POACHER TURNED GAMEKEEPER?

Meanwhile, Mr McCartney was himself accused of acting as a “jailer” in regard to another internee, Martin Corey, who was briefly allowed out of Maghaberry prison to attend his brother’s funeral last week.

McCartney and another senior Sinn Fein figure, John O’Dowd, accompanied the prisoner last Thursday morning as a condition of his compassionate parole, which was only granted at the last moment.

Republican Sinn Fein has expressed anger that a prisoner aligned with their organisation had been escorted by their Sinn Fein rivals.

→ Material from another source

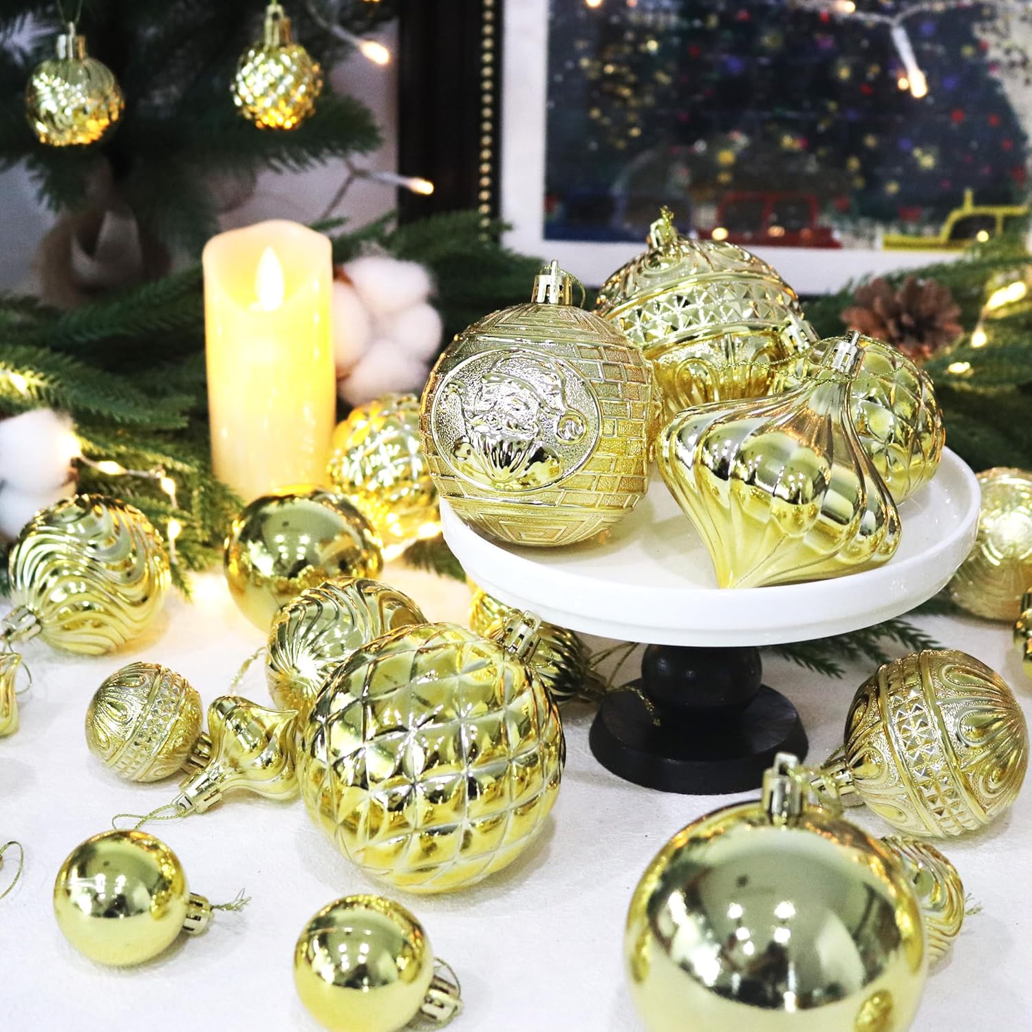 - MULTIPLE CLASSIC SIZES:Seven Popular different textures of Christmas balls to meet your decoration. includes 18 pcs small (1.57"/40mm), 12 pcs medium (2.36"/60mm) and 6 pcs large (3.16"/80mm)

In a statement, the group said republicans had always honoured their word in regards to compassionate leave “and to suggest otherwise is insulting”.

“At 11.45am, 15 minutes before the funeral Mass was scheduled to begin, Martin’s solicitor was informed that leave had been granted on the condition that two British Ministers belonging to the Provisionals escort him.

“One other independent person was also to accompany Martin. Martin was not allowed out of the Chapel grounds, even for the burial and had to be back in Maghaberry for 3pm.

“The escort by Provisional Crown Ministers is a classic case of poacher turned gamekeeper. The sight of O’Dowd and McCartney - ex-Republicans - performing the duties of the prison service shows them to be hollow shells of their former selves, something which was not lost on the community they claim to represent.”